··· Data for analysis

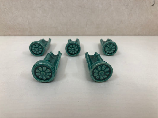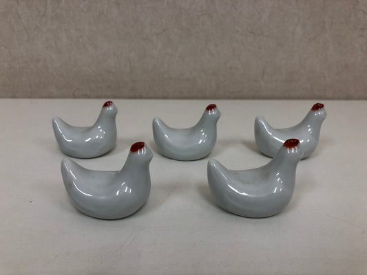Y3987 OKIMONO Pottery Chopstick rest set of 5 Bird Japanese antique collectible
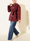 جاكيت جلدي بحزام ولحية، لون عنابي
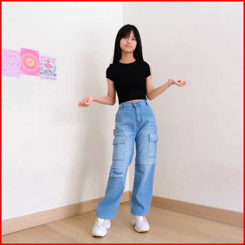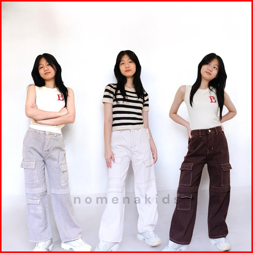 Celana Panjang Cargo Jeans Anak Perempuan Tanggung Fashion Terkini Usia 6 7 8 9 10 11 12 13 14 15 Tahun Nomenakids 2118-
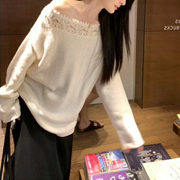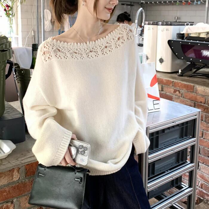 デコルテラインを美しく魅せる、レース編みデザインがポイントのニットプルオーバー。
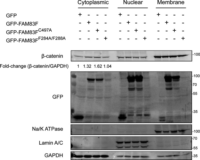 Figure S5. Overexpression of GFP-FAM83F and GFP-FAM83FC497A protein increases cytoplasmic β-catenin levels.Cytoplasmic, nuclear and membrane lysates from U2OS Flp/Trx cells expressing GFP only, GFP-FAM83F, GFP-FAM83FC497A or GFP-FAM83FF284A/F288A were resolved by SDS–PAGE and subjected to Western blotting with indicated antibodies. The specificity of subcellular fractions was determined by Western blotting with the following subcellular compartment-specific antibodies: GAPDH (cytoplasmic), Lamin A/C (nuclear) and Na/K ATPase (membrane). Densitometry of cytoplasmic β-catenin and GAPDH was performed and quantification is expressed as a fold-change compared with U2OS Flp/Trx cells expressing GFP only. Expression of GFP tagged proteins in U2OS Flp/Trx cells was induced by a treatment with 20 ng/ml doxycycline for 24 h.Source data are available for this figure. |
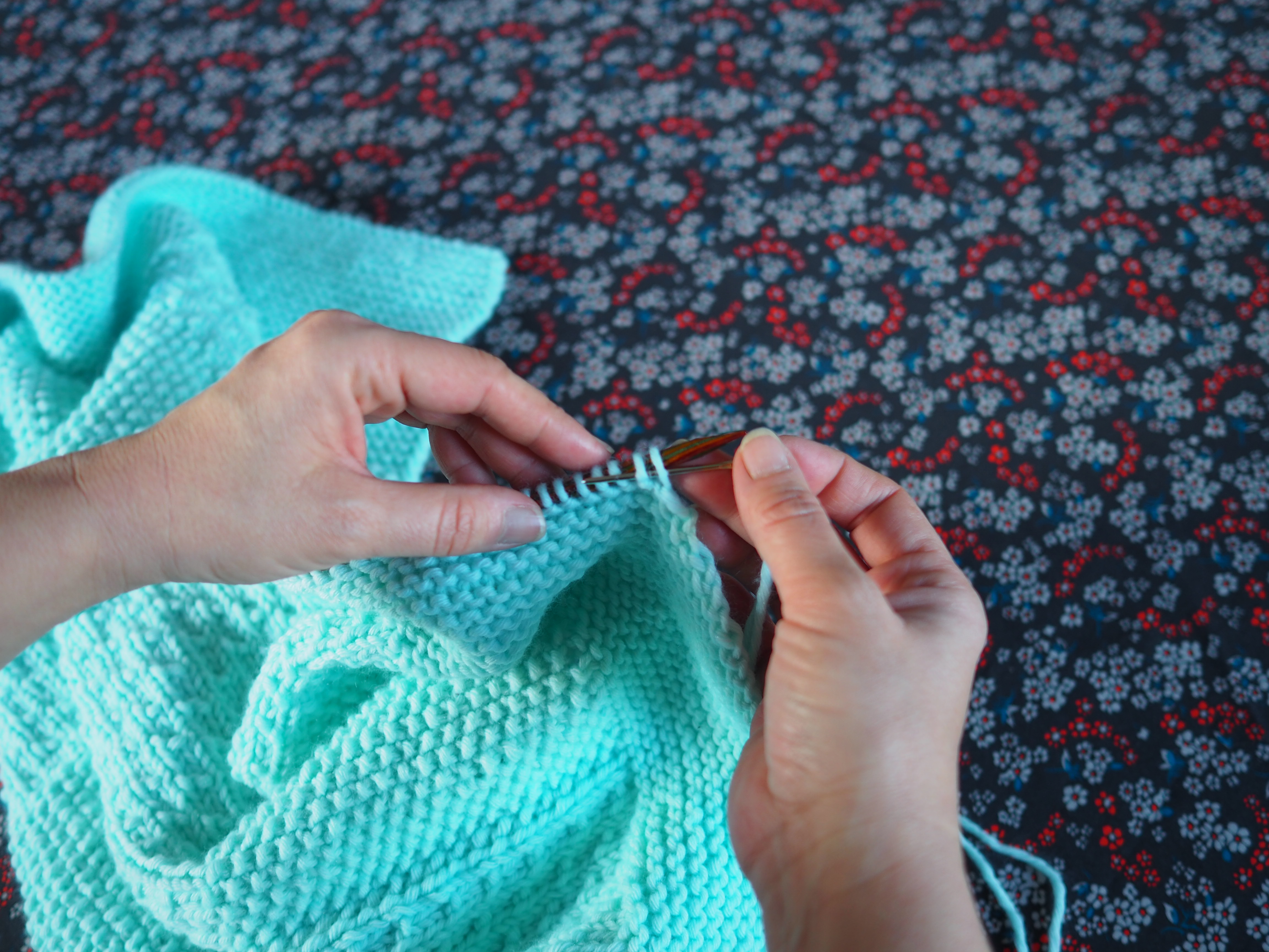 Ce qui est étrange, c’est qu’en lisant tes explications pour tricoter cette couverture, j’ai ressenti un apaisement. Moi qui ai toujours pensé que je n’avais pas le temps de tricoter, je me dis que justement, je devrais peut-être prendre le temps d’apprendre. Cela me ferait sans doute du bien de me poser un peu. Et avec tes explications bienveillantes, j’y arriverais peut-être.
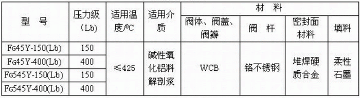 管接料漿閥性能參數(shù):

······

» **Problem statement**
Output each entry shown above exactly as it stands, with all pictures removed.

» **Written solution**
Y3987 OKIMONO Pottery Chopstick rest set of 5 Bird Japanese antique collectible
 جاكيت جلدي بحزام ولحية، لون عنابي
 Celana Panjang Cargo Jeans Anak Perempuan Tanggung Fashion Terkini Usia 6 7 8 9 10 11 12 13 14 15 Tahun Nomenakids 2118-
 デコルテラインを美しく魅せる、レース編みデザインがポイントのニットプルオーバー。
 Figure S5. Overexpression of GFP-FAM83F and GFP-FAM83FC497A protein increases cytoplasmic β-catenin levels.Cytoplasmic, nuclear and membrane lysates from U2OS Flp/Trx cells expressing GFP only, GFP-FAM83F, GFP-FAM83FC497A or GFP-FAM83FF284A/F288A were resolved by SDS–PAGE and subjected to Western blotting with indicated antibodies. The specificity of subcellular fractions was determined by Western blotting with the following subcellular compartment-specific antibodies: GAPDH (cytoplasmic), Lamin A/C (nuclear) and Na/K ATPase (membrane). Densitometry of cytoplasmic β-catenin and GAPDH was performed and quantification is expressed as a fold-change compared with U2OS Flp/Trx cells expressing GFP only. Expression of GFP tagged proteins in U2OS Flp/Trx cells was induced by a treatment with 20 ng/ml doxycycline for 24 h.Source data are available for this figure. |
 Ce qui est étrange, c’est qu’en lisant tes explications pour tricoter cette couverture, j’ai ressenti un apaisement. Moi qui ai toujours pensé que je n’avais pas le temps de tricoter, je me dis que justement, je devrais peut-être prendre le temps d’apprendre. Cela me ferait sans doute du bien de me poser un peu. Et avec tes explications bienveillantes, j’y arriverais peut-être.
 管接料漿閥性能參數(shù):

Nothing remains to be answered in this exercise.